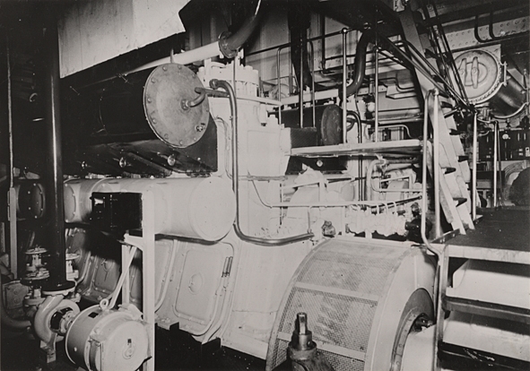Lastmotorfartyget FREJA av Stockholm. Maskinrummet.
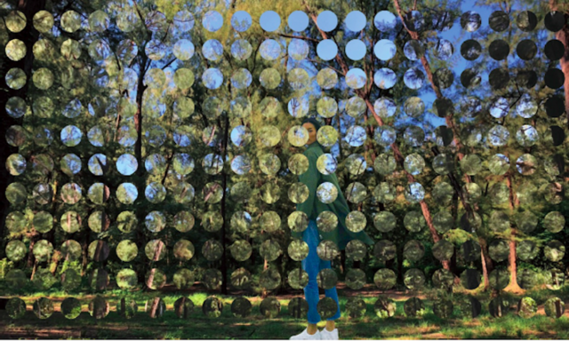 漁光島曾是台南市中心最僻靜的小漁村,也是在地人的秘境,過了漁光大橋,可以感受到氛圍的變化,彷彿進入另外一個世界,寧靜而閒適、讓人得以忘卻憂煩。相較於寬闊的海景,作為海陸中界的防風林,給人與海灘截然不同的感受,走在防風林裡,群木圍繞,光照被稀釋了許多,綿延的通道看不見盡頭,使人有一種進入未知世界探索、既驚又喜的感受。如果說海灘帶給人的是海闊天空的鬆弛奔放,那麼防風林,則是使五感變得更為敏銳;「秘鏡」在防風林之間利用矩陣排列的鏡面裝置圍塑出一個圓形空間體,整件作品因鏡面裝置反射週邊的景象,並使風景交疊在一起,形成奇幻的視境;鏡面裝置也使得作品本身彷彿融化在環境裡消失了一般,以一種最低的存在感去反映並且突顯環境的存在;當觀眾靠進作品時,會看見自己的影像反射在被分割的鏡面裝置裡面,呈現出的不完整的形體,在存在與不存在之間,體現我們與自然不可分割的關係。
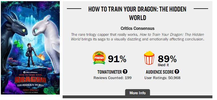 时隔5年,完结篇《驯龙高手3》正式回归。电影也非常有底气,早早开启了各大评论网站的影评人分数——Metacritic的71分,烂番茄的91%的新鲜度。这些数据都证明了它是一部值得期待的电影。
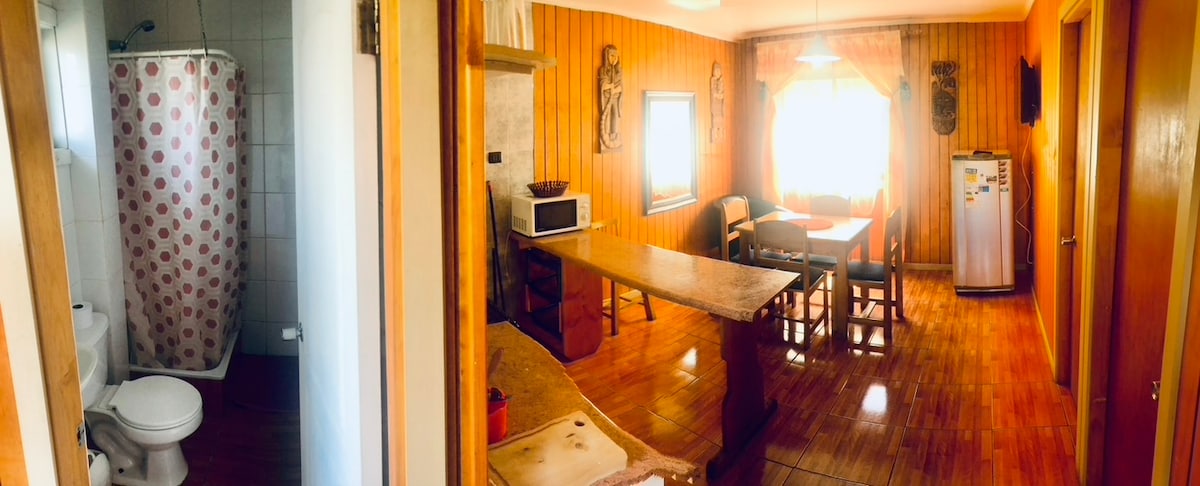 Nyt enkelheten i dette rolige og sentrale overnattingsstedet, bare tre kvartaler fra sentrum av Valdivia og fire kvartaler fra elven. 500 meter fra supermarked og apotek. Inkluderer alle grunnleggende tjenester for et komfortabelt opphold. Smart-TV, vaskemaskin, mikrobølgeovn, håndklær, hårføner, sjampo, såpe, grunnleggende kjøkkenutstyr (salt, olje, osv.)
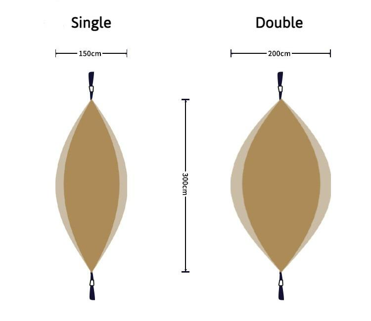 Compact: Lightweight and convenient, our travel hammock weighs only 680grams and folds to the size of an eggplant. Single Hammock measures at 300cm long by 150cm wide for one person, and the Double Hammock measures 300cm long by 200cm wide for either two people or anyone who wants some extra space. Throw it in your backpack and go!

> _Task item_:
What the records say must be written out exactly, with none of their pictures.

> _Task output_:
Lastmotorfartyget FREJA av Stockholm. Maskinrummet.
 漁光島曾是台南市中心最僻靜的小漁村,也是在地人的秘境,過了漁光大橋,可以感受到氛圍的變化,彷彿進入另外一個世界,寧靜而閒適、讓人得以忘卻憂煩。相較於寬闊的海景,作為海陸中界的防風林,給人與海灘截然不同的感受,走在防風林裡,群木圍繞,光照被稀釋了許多,綿延的通道看不見盡頭,使人有一種進入未知世界探索、既驚又喜的感受。如果說海灘帶給人的是海闊天空的鬆弛奔放,那麼防風林,則是使五感變得更為敏銳;「秘鏡」在防風林之間利用矩陣排列的鏡面裝置圍塑出一個圓形空間體,整件作品因鏡面裝置反射週邊的景象,並使風景交疊在一起,形成奇幻的視境;鏡面裝置也使得作品本身彷彿融化在環境裡消失了一般,以一種最低的存在感去反映並且突顯環境的存在;當觀眾靠進作品時,會看見自己的影像反射在被分割的鏡面裝置裡面,呈現出的不完整的形體,在存在與不存在之間,體現我們與自然不可分割的關係。
 时隔5年,完结篇《驯龙高手3》正式回归。电影也非常有底气,早早开启了各大评论网站的影评人分数——Metacritic的71分,烂番茄的91%的新鲜度。这些数据都证明了它是一部值得期待的电影。
 Nyt enkelheten i dette rolige og sentrale overnattingsstedet, bare tre kvartaler fra sentrum av Valdivia og fire kvartaler fra elven. 500 meter fra supermarked og apotek. Inkluderer alle grunnleggende tjenester for et komfortabelt opphold. Smart-TV, vaskemaskin, mikrobølgeovn, håndklær, hårføner, sjampo, såpe, grunnleggende kjøkkenutstyr (salt, olje, osv.)
 Compact: Lightweight and convenient, our travel hammock weighs only 680grams and folds to the size of an eggplant. Single Hammock measures at 300cm long by 150cm wide for one person, and the Double Hammock measures 300cm long by 200cm wide for either two people or anyone who wants some extra space. Throw it in your backpack and go!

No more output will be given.